> _WHAT YOU NEED TO DO_:
Please return only the lines from the one with "Ticaret Borsalarında Tescil" through the final line of the data, unchanged, with pictures omitted.

> _RECORDS SHOWN_:
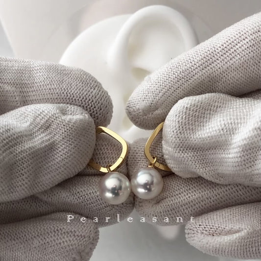 Hanadama Grade 8.0-9.0mm White Akoya Pearl Square Earrings with Certificate
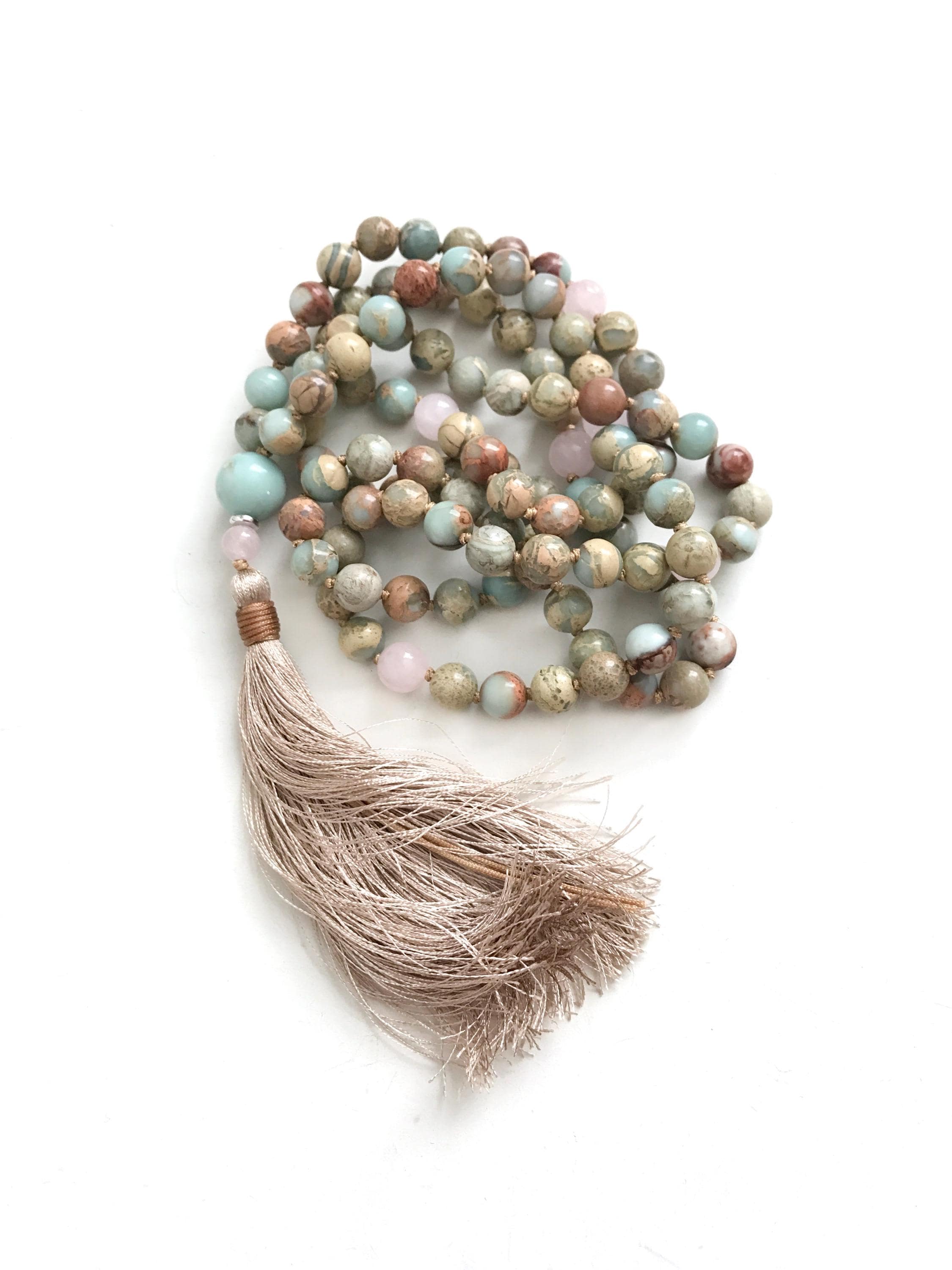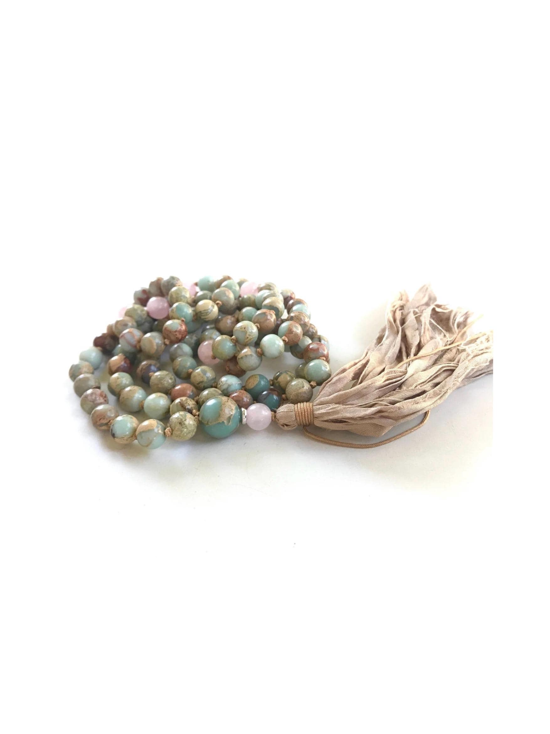 Calming and heartfelt, this 108 bead Mala necklace is hand-knotted from African Opal Jasper and Rose Quartz, finished with a soft Sari silk tassel. These stones are often connected with balance and compassion—African Opal Jasper is associated with soothing energy and grounding, while Rose Quartz is known as the stone of love and emotional healing. Elegant and meaningful, this Mala is a beautiful companion for meditation and mindfulness. A variety of different tassel choices are available, you choose the look you like best
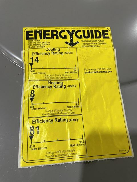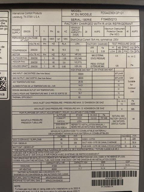 3.5 Ton Single Stage Low NOx ECM Variable Speed Dual Fuel Heat Pump Packaged Unit, Volts: 208-230 Volts: 208-230, 60, Phase: 1, Airflow: Convertible, CFM: 1400, SEER: 14.5, EER: 12, AFUE: 80.4%, Refrigerant: R410A, Factory Charge: 11.3 lbs, Metering Device: TXV, Heating BTU Input: 60,000, Heating BTU Output: 48,000, Unit Dims: 55''H X 48-3/16''W X 44-1/8''D, Weight: 472 lbs
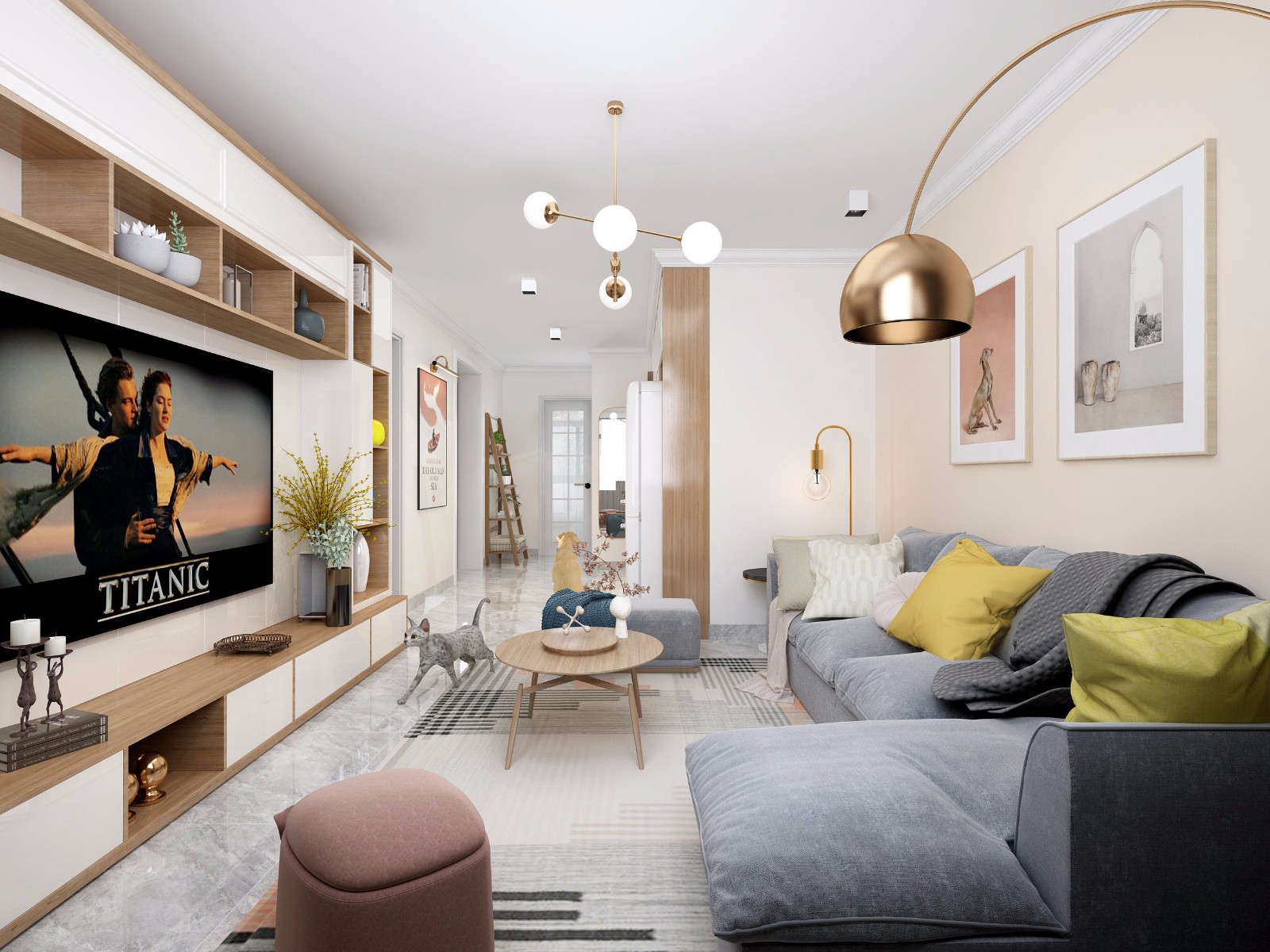 女主人有收藏的习惯,所以设计了多功能的电视柜,增加储物空间
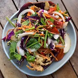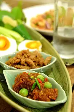 Fruit is not only eaten on its own, but often served with spicy dips made from sugar, salt, and chilies.[42] Fruits feature in spicy salads such as som tam (green papaya salad) and yam som-o (pomelo salad), in soups with tamarind juice such as tom khlong and kaeng som, and in Thai curries such as kaeng khanun (jackfruit curry), kaeng phet pet yang (grilled duck curry with pineapple or grapes), and kaeng pla sapparot (fish and pineapple curry). Fruits are also used in certain Thai chili pastes, such as in nam phrik long rue made with madan (a close relative of the mangosteen),[43] and nam phrik luk namliap, salted black Chinese olive chilli paste.[44]
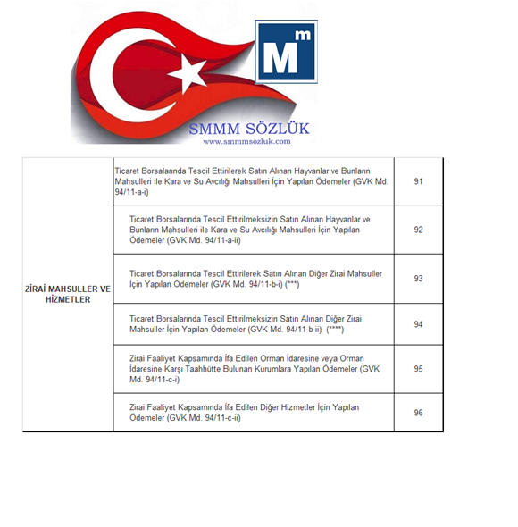 Ticaret Borsalarında Tescil Ettirilerek Satın Alınan Hayvanlar ve Bunların Mahsulleri ile Kara ve Su Avcılığı Mahsulleri İçin Yapılan Ödemeler (GVK Md. 94/11-a-i) 91
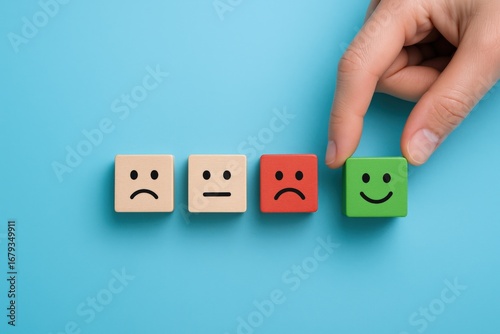 Customer Feedback Concept: Hand Selecting Positive Emotion Block Among Negative Ones on Blue
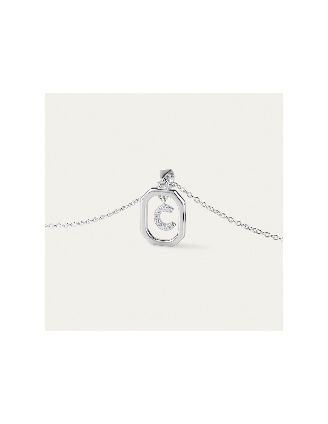 Gargantilla fabricada en Plata de Primera Ley con inicial decorada con circonitas que flota en el interior de un marco octogonal. Una joya elegante con un toque especial y llamativo gracias a su cuidado y delicado diseño.

> _TASK RESPONSE_:
 Ticaret Borsalarında Tescil Ettirilerek Satın Alınan Hayvanlar ve Bunların Mahsulleri ile Kara ve Su Avcılığı Mahsulleri İçin Yapılan Ödemeler (GVK Md. 94/11-a-i) 91
 Customer Feedback Concept: Hand Selecting Positive Emotion Block Among Negative Ones on Blue
 Gargantilla fabricada en Plata de Primera Ley con inicial decorada con circonitas que flota en el interior de un marco octogonal. Una joya elegante con un toque especial y llamativo gracias a su cuidado y delicado diseño.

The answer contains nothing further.